Exercise instructions:
For the material that follows, return exactly the lines from the one with "Tijdschrift van 1848, Eerste, Amsterdam." through the one with "Coloradoan: FoCo Cafe", both ends included.

Given data:

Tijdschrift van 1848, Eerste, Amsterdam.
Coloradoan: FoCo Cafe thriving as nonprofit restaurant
==
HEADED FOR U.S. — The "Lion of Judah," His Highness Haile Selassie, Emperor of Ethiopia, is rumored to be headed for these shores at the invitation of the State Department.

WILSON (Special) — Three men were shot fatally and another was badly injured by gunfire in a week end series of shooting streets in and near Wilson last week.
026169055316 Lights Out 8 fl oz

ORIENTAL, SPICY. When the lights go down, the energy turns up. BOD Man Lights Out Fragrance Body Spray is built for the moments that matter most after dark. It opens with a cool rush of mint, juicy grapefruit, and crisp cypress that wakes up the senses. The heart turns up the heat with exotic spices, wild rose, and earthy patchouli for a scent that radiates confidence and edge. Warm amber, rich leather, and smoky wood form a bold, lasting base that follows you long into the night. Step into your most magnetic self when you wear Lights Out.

Output for this exercise:
Tijdschrift van 1848, Eerste, Amsterdam.
Coloradoan: FoCo Cafe thriving as nonprofit restaurant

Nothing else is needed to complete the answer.